When we’re out and about in the 21st century I notice lots of people having dire conversations on their telephones. They’re walking, they’re driving, they’re watching a movie in a theatre, they’re at a funeral, they’re at a wedding, they’re in a museum, it doesn’t matter. Folks must talk to other folks immediately and at considerable length and they must do it now.

Imagine Millennials and Gen-Zers being restricted to the confines of a room with a long curly cord connected to a wall mounted telephone.

It was in the mid 1980s when we got our first cordless phone and while I tested the signal by walking to the road and back while talking to my mom at work, I didn’t find much practicality in it.
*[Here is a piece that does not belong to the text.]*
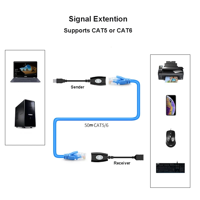 3.Conecte dispositivos USB1.1\ USB2.0\USB3.0 como mouse/teclado/impresora/teléfono, extienda hasta 50 metros y 100 metros para dispositivos USB de baja velocidad

Just because I could talk to my mother while walking to the road and back, I didn’t really see the need to do it. Plus, the degraded voice signal resulted in a lot of “whats” and “huhs”. It was the latter half of the 1990s when I got my first cell phone and while it was nifty, I didn’t feel it was proper to talk to anyone while browsing produce or riding my bike. It’s probably because my Mom worked as a telephone operator when she was young, but we were instilled with a certain amount of manners when it came to using the telephone (scratching the receiver on the rug to bump parties off the party line notwithstanding). This is probably why I find public telephone conversations to be a pet peeve of mine. I find the telephone (and today’s modern equivalents) to be a personal device for a personal experience. Screaming at your kid’s social worker in the middle of a Better Dairy department seems quite rude.

I know I’m starting to sound like a cranky old man when I talk about these things, but we are losing many of the societal pleasantries we once enjoyed. I don’t see us returning to a time when telephone conversations were a personal matter and that’s a bit of a shame.

On the other hand, I no longer have to listen to folks having conversations on a party line, I can easily eavesdrop while walking the neighborhood. Creepy, but available.

Oddities.

Like much of the United States, at one time telephone lines went along the railroad tracks that ran through the property of the house I grew up in. There were power lines as well, but they were active and tended by the local power company, Niagara Mohawk. The telephone lines had come down years before the house was built; I was in my early teens when I discovered the old poles lying in the woods adjacent to the tracks.

Many of the fallen poles still had their glass insulators on the crossbeams. Curiously, they were easy to screw off the pole; I collected several and brought them back to the house. When my dad saw them in the garage after one of my scavenger runs, he went out in the woods with me and helped me bring back more. I cleaned them up after school. Some were blue, some were green, some were clear glass.

Now here’s more proof that I was a very odd child, well on my way to my eccentric middle aged persona I carry today. I decided to use those glass insulators to string my own wires through the woods between the house and the railroad tracks. I was always fascinated with electricity, but probably more fascinated with anything that was connected to something else. So I grabbed numerous lengths of baling twine from the family farm across the street and ran baling twine on century old glass insulators installed on trees and my own crossbars made of scrap woods left over from the construction of the house. The baling twine ran for nearly three and a half acres. It would be several years before it would come down; there’s probably still glass insulators spread out in the woods behind the house. It wasn’t like I was building a workable tin can telephone system or stringing lights, I was just putting rope up in the trees. Tarzan would have a field day back there.

Once in a while I wonder if the new owners of the property come across any evidence of my idiosyncrasies. Detailed doorbell wiring instructions written on the floor joists in the basement. Make shift clocks made out of paper plates tacked to a closet wall. Baling twine tied to glass insulators and strung from tree to tree, limb to limb.

Oh well, it’s all part of my storybook.